Hey guys I'm from Bangalore,and i'm gettin a new BSNL DSL broadband connection this week,and i was planning to buy my own own wireless modem. I searched for a while on the internet and narrowed down my search to these 2:

1)DLink DSL 2730 U N150 Wireless
D-Link DSL-2730U Wireless N 150 ADSL2+ 4-Port Router | Router | Flipkart.com
&

2)ASUS DSL N10E wireless N150
Asus DSL-N10E Wireless-N150 ADSL Modem Router | Router | Flipkart.com

I also have these in my mind but i have never heard of that brand so not very interested in it,,,

DLink DSL 2750
D-Link DSL-2750U Wireless N ADSL2+ 4-Port Wi-Fi Router | Router | Flipkart.com


TP-Link
TP-LINK TD-W8951ND 150Mbps Wireless N ADSL2+ Modem Router | Router | Flipkart.com

The thing is i know that DLink is a very reputed and reliable brand but still asus has got a few good features and its not a bad company...im using a asus mobo.....
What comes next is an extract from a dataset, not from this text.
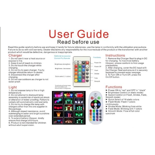 | Product combination | PE shell,LED lamp,remote,charger,user manual etc |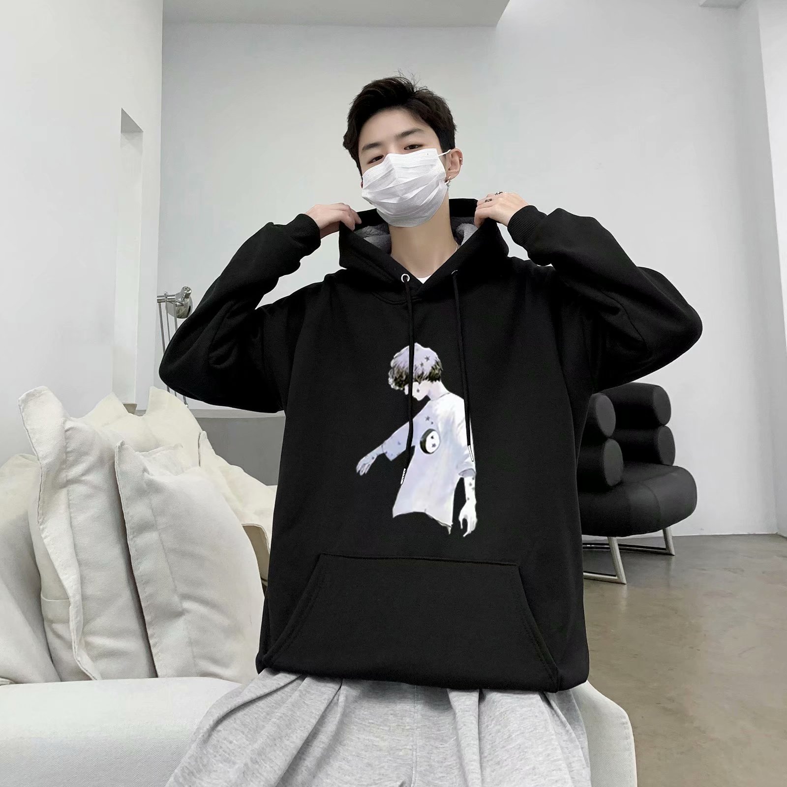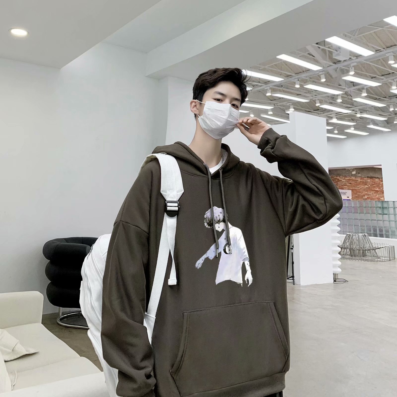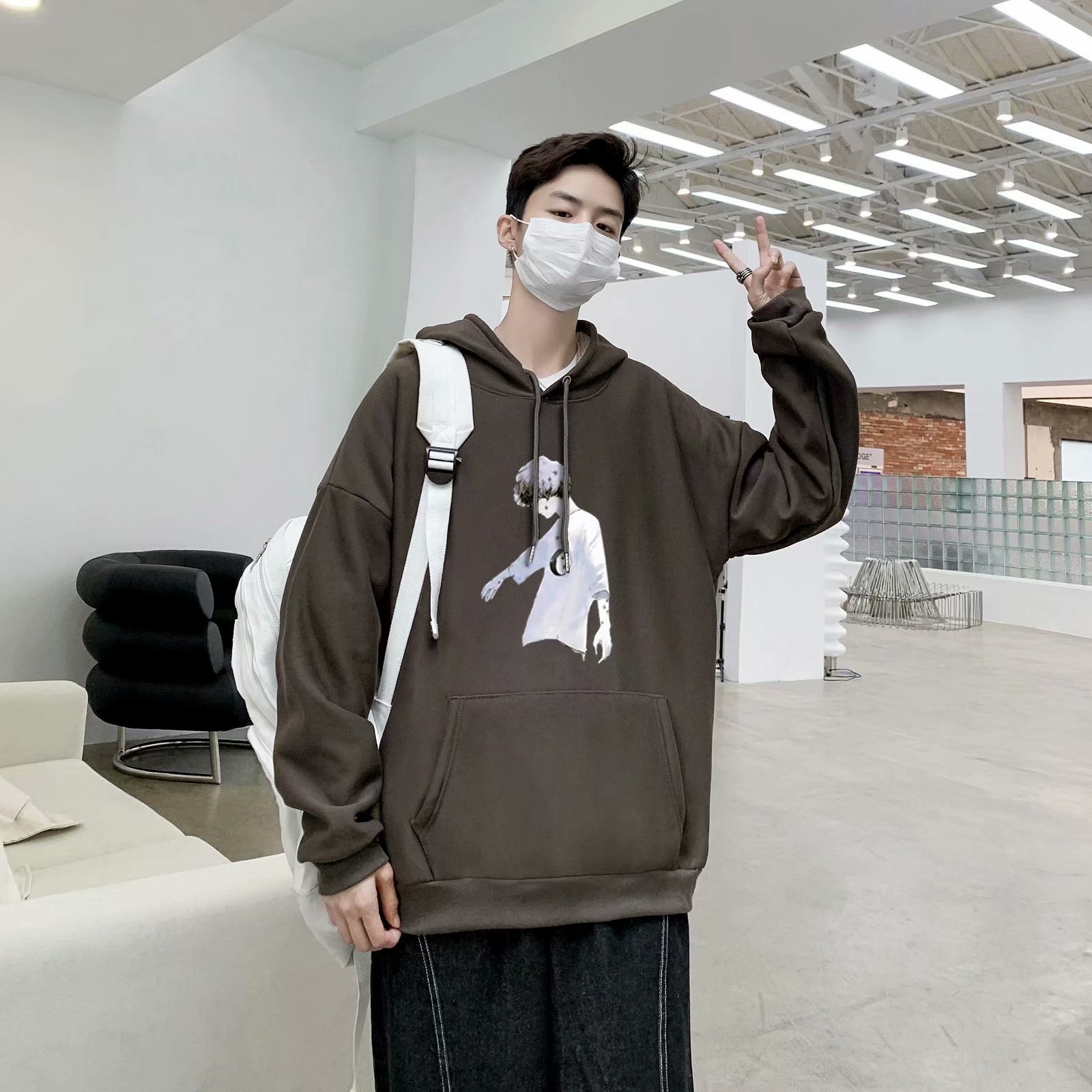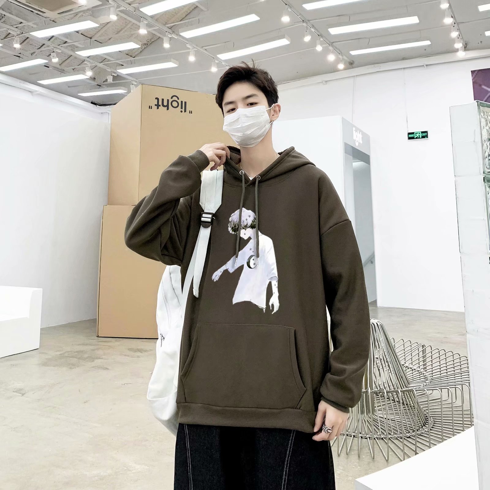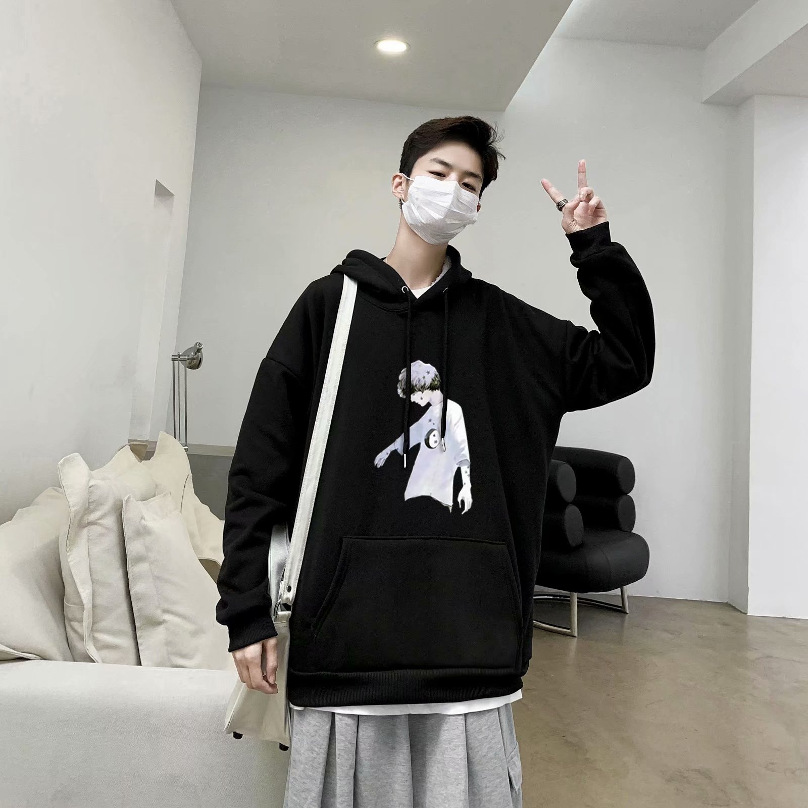 实拍 港风日系简约百搭宽松街头连帽加绒上衣韩版休闲运动卫衣潮

So please let me know which one to choose from these....
Any advice is welcome...and thank you in advance...


----------



## whitestar_999 (Dec 1, 2012)

below Rs.7000 only options worth considering are Asus & TP-LINK in modems/routers.again Asus is more known for its wifi routers so for modem+router only option left is TP-LINK.you don't know but TP-LINK is the biggest brand in home/small office segment in the world & on any major international broadband forum/shopping site TP-LINK is the preferred option for its price in most cases.get this 300mbps version & also flipkart is usually overpriced.
TP-LINK DW8961 ADSL plus WIFI 300MBPS


----------



## hgaaditya (Dec 1, 2012)

Thank you for your input sir..but i couldnt understand why you didnt mention Dlink in your list...And Also i have a old modem with me,must be utstarcom or zte ....should i buy just a router and use it with the old modem ...or just buy a new modem+router....
I think the seperate modem and router setup might be slow.....please let me know what you think..


----------



## whitestar_999 (Dec 2, 2012)

like i said in my previous post dlink/netgear/belkin etc are not good choices if you are spending less than 7000.below 7000 only good options are tp-link & asus.you can buy either a router or modem+router & there will be no difference regarding speed.configuring modem+router is simpler than configuring separate modem and router setup but if in future you decide to use cable broadband(like sify,beam,YOU etc) or reliance broadband then a router will come handy since these services usually don't work so well with modem+router.


----------



## hgaaditya (Dec 2, 2012)

Thank you john...then i think i wil just buy a cheap router and wil use the existing modem.. My internet  speed is just 1mbps so it wont be problem for the zte modem i guess,..and as far as configuring..im into computers and geeky stuff..so shouldnt be a problem....


----------



## whitestar_999 (Dec 3, 2012)

then get this.best router for its price:
TP-LINK TL-WR841N 300Mbps Wireless N Router | Router | Flipkart.com


----------